_DATA EXCERPTS_
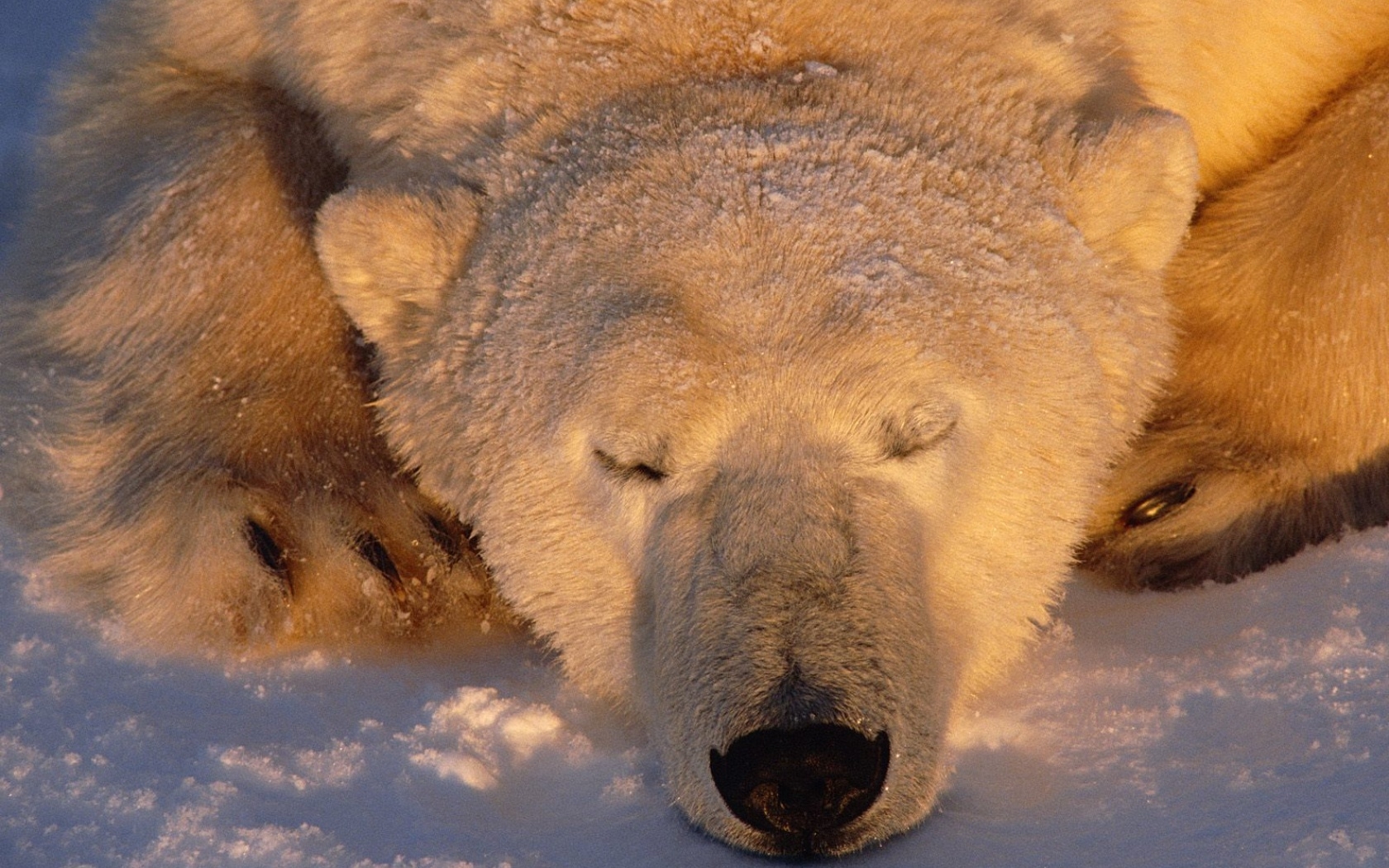 Скачать обои для рабочего стола Белый медведь спит и фото
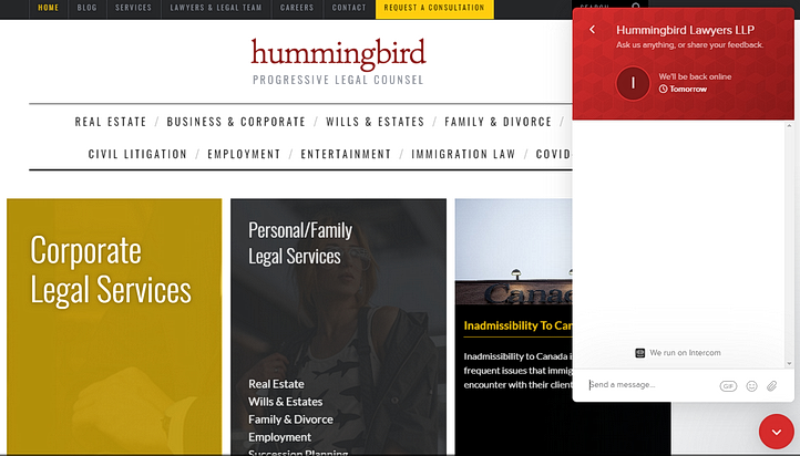 One good example is the Hummingbird Lawyers LLP website where visitors are greeted by a live chat option on the bottom right corner of the homepage:
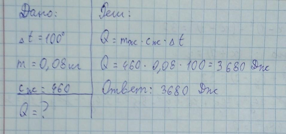 Какое количество теплоты необходимо для нагревания железного кубика массой 80 г на 100 ºС?
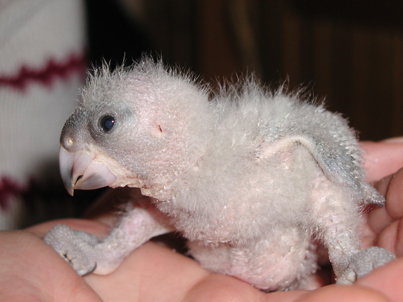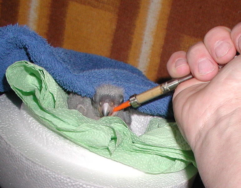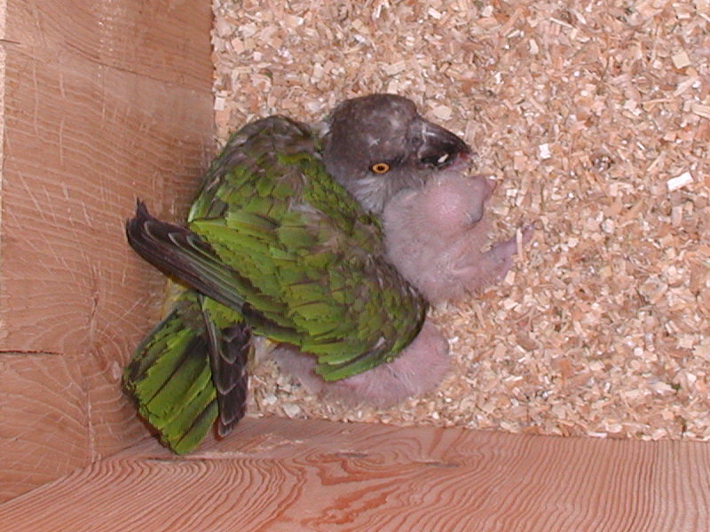 Po godzinie o 11,15 pęka drugie jajko i wszystko powtarza się dokładnie tak samo. Samiczka siada na młode, ogrzewa je. Dokładnie po 25 dniach i 4 godzinach wysiadywania, wykluły się. Pierwsze nieśmiałe karmienie o 16,25 . Następne co godzinę, półtorej w dzięń i noc. Samiczka w ciągu doby zjada pozostałe łupinki z jajek.
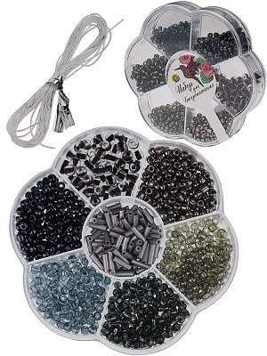 Набор д/бисероплетения (8х8см, 7 видов бисера, в боксе) цв. серый (арт. БИС-8385
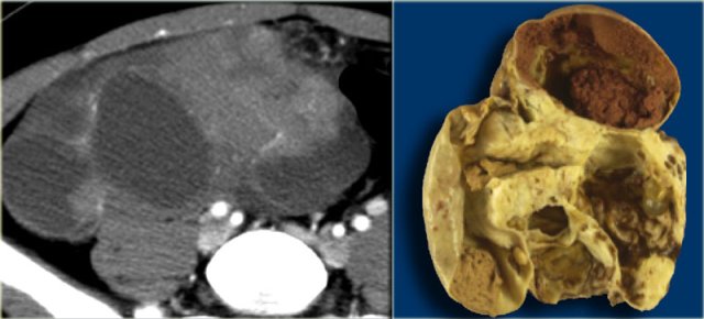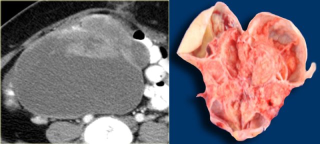 This looks like a cystic ovarian neoplasm but no ovary could be identified.

_EXERCISE_
Repeat, exactly and in full, every entry in the data, but not the pictures.

_EXERCISE RESPONSE_
 Скачать обои для рабочего стола Белый медведь спит и фото
 One good example is the Hummingbird Lawyers LLP website where visitors are greeted by a live chat option on the bottom right corner of the homepage:
 Какое количество теплоты необходимо для нагревания железного кубика массой 80 г на 100 ºС?
 Po godzinie o 11,15 pęka drugie jajko i wszystko powtarza się dokładnie tak samo. Samiczka siada na młode, ogrzewa je. Dokładnie po 25 dniach i 4 godzinach wysiadywania, wykluły się. Pierwsze nieśmiałe karmienie o 16,25 . Następne co godzinę, półtorej w dzięń i noc. Samiczka w ciągu doby zjada pozostałe łupinki z jajek.
 Набор д/бисероплетения (8х8см, 7 видов бисера, в боксе) цв. серый (арт. БИС-8385
 This looks like a cystic ovarian neoplasm but no ovary could be identified.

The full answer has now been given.